## TASK GOAL
Look in the data below for the line that has "Settet tilbyr øyebind, gag", then print exactly every line from there through the line that has "- Poignée supérieure", leaving pictures out.

## EXERCISE DATA
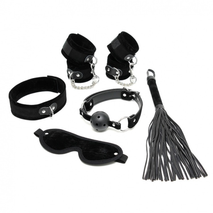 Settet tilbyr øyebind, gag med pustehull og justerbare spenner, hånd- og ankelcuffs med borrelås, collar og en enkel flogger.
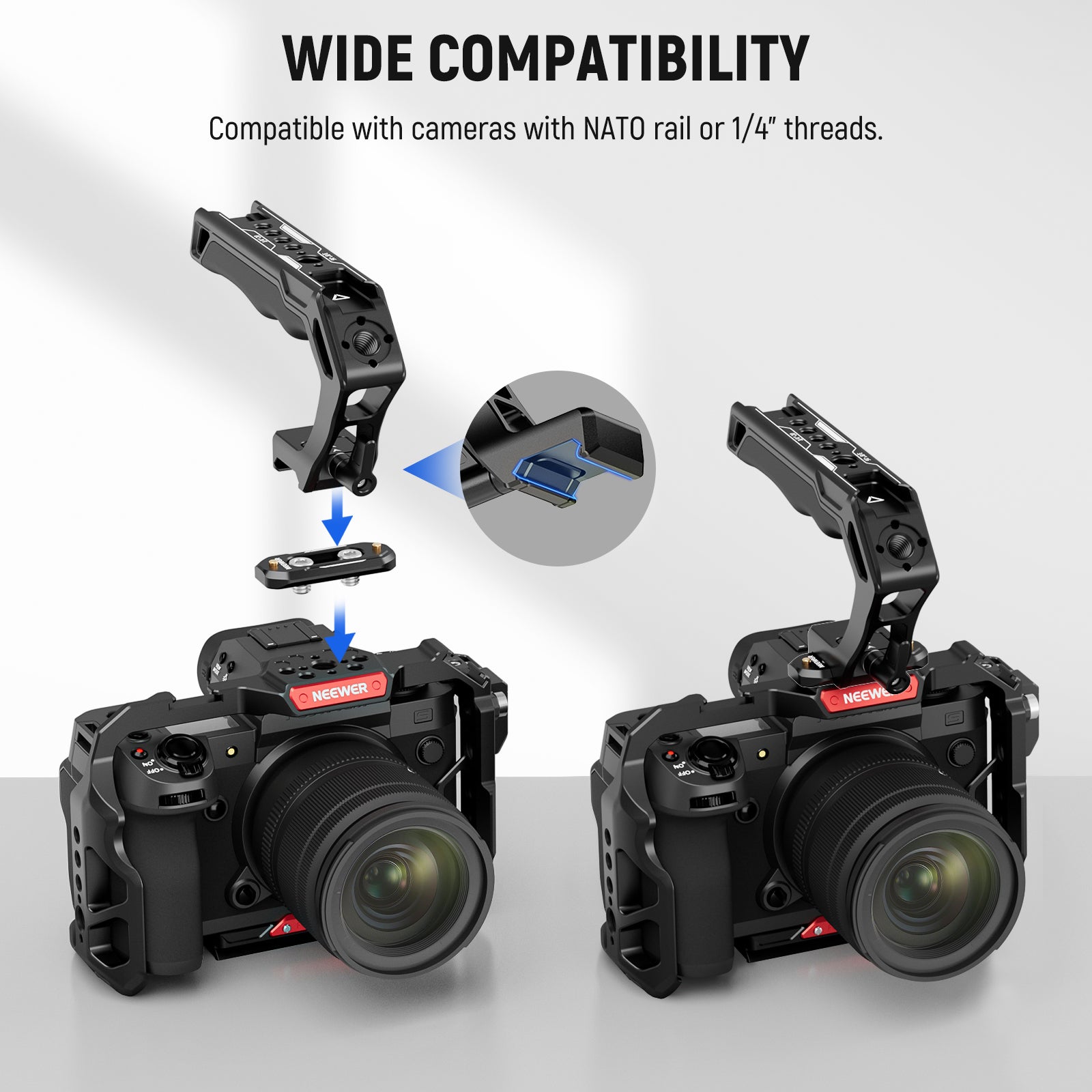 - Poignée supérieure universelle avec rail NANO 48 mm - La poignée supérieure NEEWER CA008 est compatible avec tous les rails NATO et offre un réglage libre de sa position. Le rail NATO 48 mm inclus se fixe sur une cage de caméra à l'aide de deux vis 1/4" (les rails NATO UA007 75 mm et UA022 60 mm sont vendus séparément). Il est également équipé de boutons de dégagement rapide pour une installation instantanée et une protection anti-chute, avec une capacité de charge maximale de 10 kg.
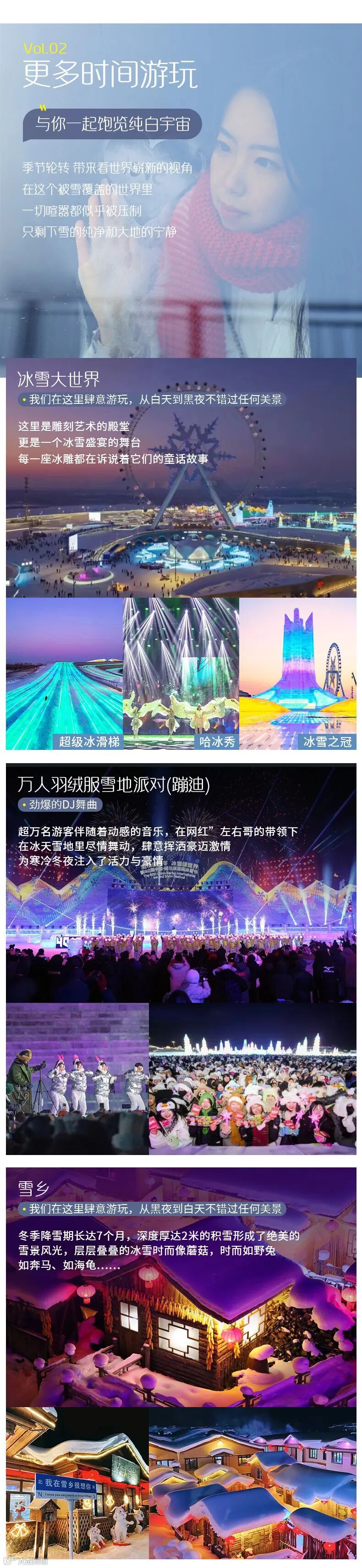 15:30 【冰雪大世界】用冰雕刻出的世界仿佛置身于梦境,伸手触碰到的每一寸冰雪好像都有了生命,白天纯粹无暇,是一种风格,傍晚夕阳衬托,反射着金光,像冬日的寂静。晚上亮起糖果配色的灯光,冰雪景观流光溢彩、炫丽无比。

* * *

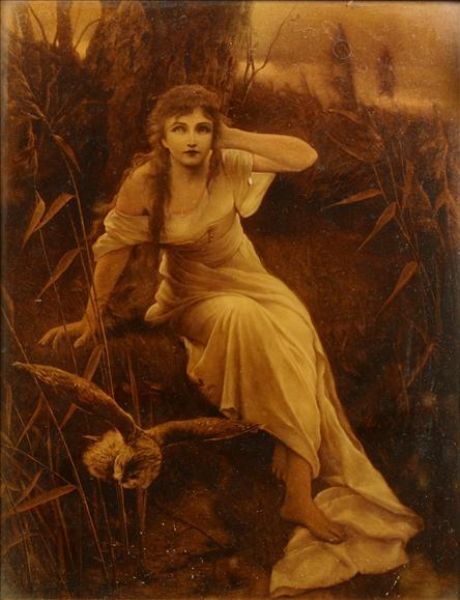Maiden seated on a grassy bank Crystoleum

## EXERCISE OUTPUT
 Settet tilbyr øyebind, gag med pustehull og justerbare spenner, hånd- og ankelcuffs med borrelås, collar og en enkel flogger.
 - Poignée supérieure universelle avec rail NANO 48 mm - La poignée supérieure NEEWER CA008 est compatible avec tous les rails NATO et offre un réglage libre de sa position. Le rail NATO 48 mm inclus se fixe sur une cage de caméra à l'aide de deux vis 1/4" (les rails NATO UA007 75 mm et UA022 60 mm sont vendus séparément). Il est également équipé de boutons de dégagement rapide pour une installation instantanée et une protection anti-chute, avec une capacité de charge maximale de 10 kg.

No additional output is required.